Rohin Shah comments on [AN #156]: The scaling hypothesis: a plan for building AGI

Rohin Shah 22 Jul 2021 14:35 UTC
LW: 4 AF: 4
AF
The fourth bullet point claims that GPT-N will go on filling in missing words rather than doing a treacherous turn.
?? I said nothing about a treacherous turn? And where did I say it would go on filling in missing words?
EDIT: Ah, you mean the fourth bullet point in ESRogs response. I was thinking of that as one example of how such reasoning could go wrong, as opposed to the only case. So in that case the model_1 predicts a treacherous turn confidently, but this is the wrong epistemic state to be in because it is also plausible that it just “fills in words” instead.
Seems to me the conclusion of this argument is that “In general it’s not true that the AI is trying to achieve its training objective.”

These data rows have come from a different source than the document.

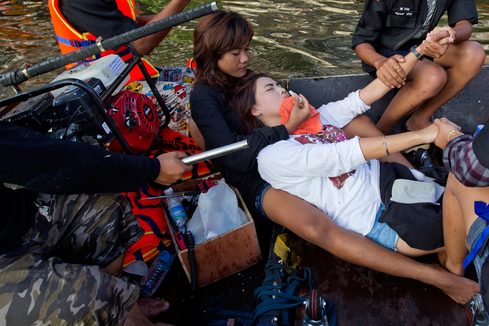 thai_flood_54_039A woman in need of medical attention is evacuated by boat from the flood waters in Bangkok's Bang Phlat district October 30, 2011. (Adrees Latif/Reuters)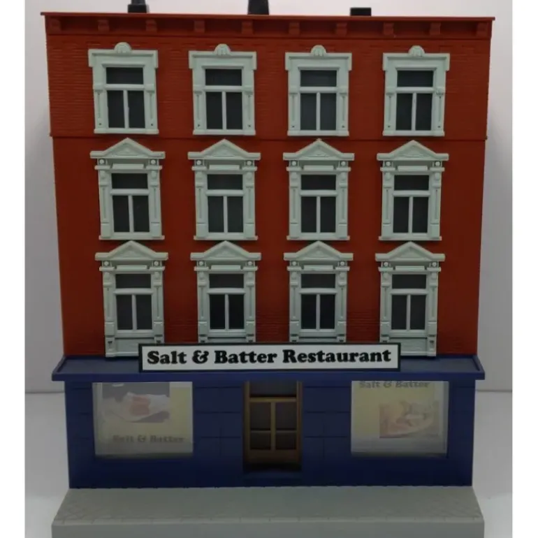 Here is an MTH 30-90348 Salt & Batter Restaurant 4-Story Building. It features intricately detailed abs construction with a lighted interior and measures approximately 9″ x 8.75″ x 13.5″.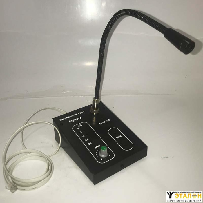Микрофонный пульт «Макс-2» выполнен в металлическом корпусе. На его передней панели расположены: съёмный микрофон на гибкой стойке, индикатор включения питания и микрофона, кнопка включения микрофона и регулятор уровня громкости сигнала. На задней стенке пульта находятся тумблер для включения питания, специальный разъем для подключения к усилителю-микшеру «Пегас-2», гнездо линейного выхода, а также отдельное гнездо для подключения сетевого адаптера, если пульт «Макс-2» используется самостоятельно без усилителя-микшера «Пегас-2».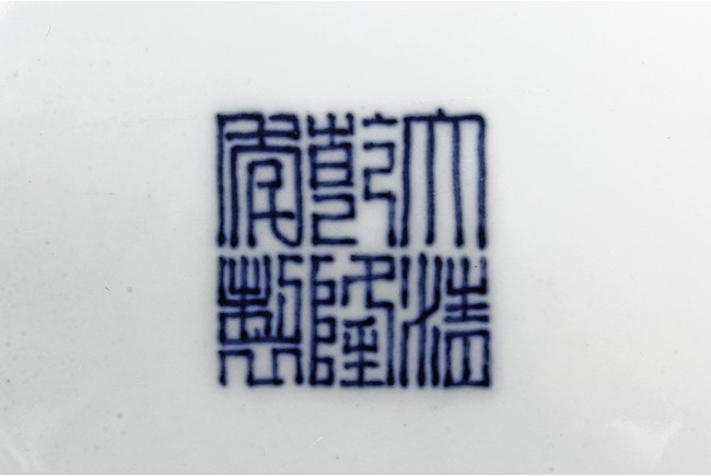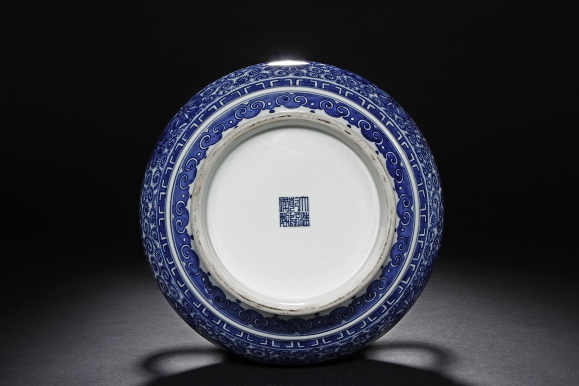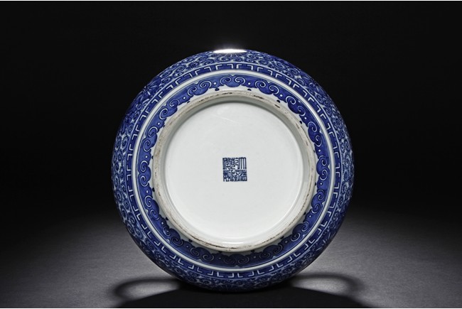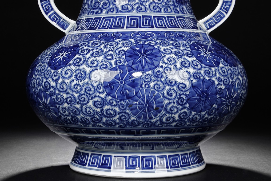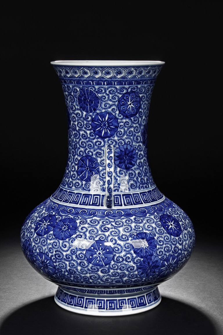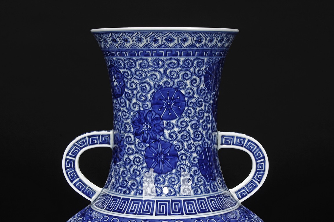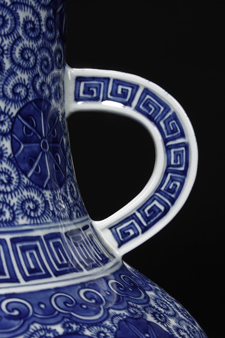 The body of flattened ovoid form, with waisted but still wide neck, with flared rim and splayed ring foot, the body decorated with flowers and vines patterns, the handle, shoulder, and foot decorated with key-fret patterns, the bottom bears six character 'DAQING QIANLONG NIANZHI' mark.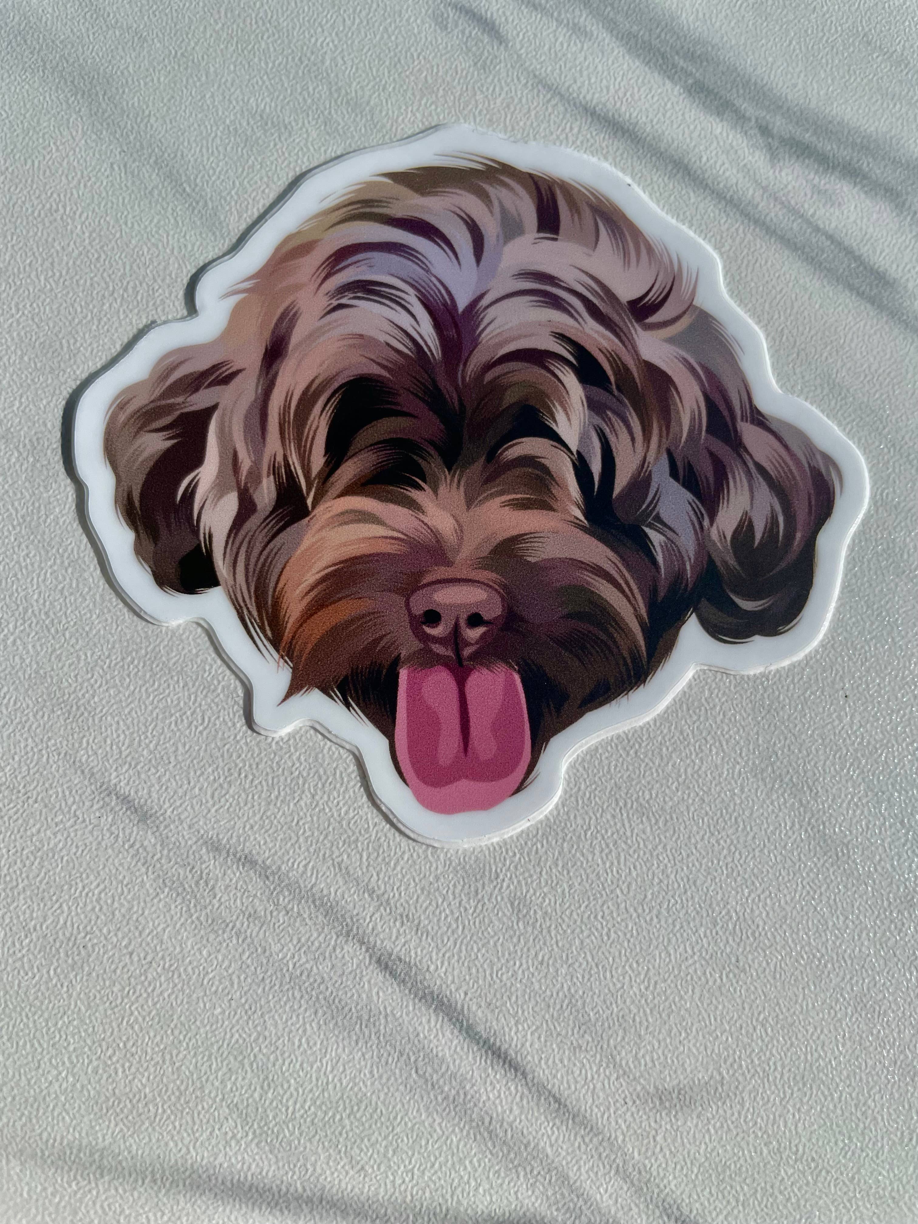 Labradoodle Dog Sticker. Great to decorate water bottles, laptops, phone cases, coolers, car windows, journals, notebooks, planners, bikes, skateboards, kayaks, and more. This sticker is a great gift for any Labrradoodle owner! Designed by Sigrid Forsythe IG: @Sig_Fae Copyright Big Moods Details: •3 x 2.49 inches • Made in the U.S.A. • High quality and durable vinyl, indoor and outdoor use • Waterproof and weatherproof *Big Moods stickers make excellent stocking stuffers for Christmas and other holidays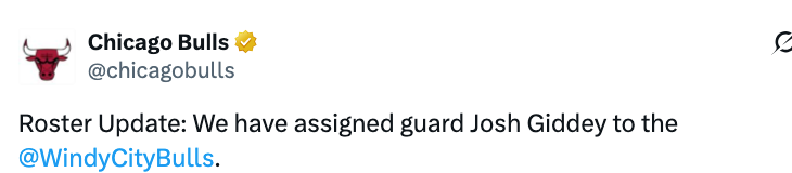 北京时间1月19日,公牛官方宣布,球队已经将吉迪下放至G联盟附属球队风城公牛,之后公牛队记KC-Johnson跟进报道,如果吉迪顺利完成训练,没有出现任何意外,可以关注他在周三(对快船)和周五(对森林狼)复出的可能性。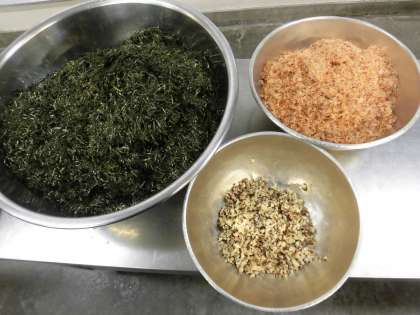 かつおぶし、しいたけ、きざみのりを甘辛く味付けして、煮つめてつくだ煮にしています。ごはんがとても進みますよ。

Isn’t that effectively what I said? (I was trying to be more precise since “achieve its training objective” is ambiguous, but given what I understand you to mean by that phrase, I think it’s what I said?)
we have no idea what it’ll do; treacherous turn is a real possibility because that’s what’ll happen for most goals it could have, and it may have a goal for all we know.
This seems reasonable to me (and seems compatible with what I said)
- Daniel Kokotajlo 23 Jul 2021 6:18 UTC
  LW: 4 AF: 4
  AF Parent
  OK cool, sorry for the confusion. Yeah I think ESRogs interpretation of you was making a bit stronger claim than you actually were.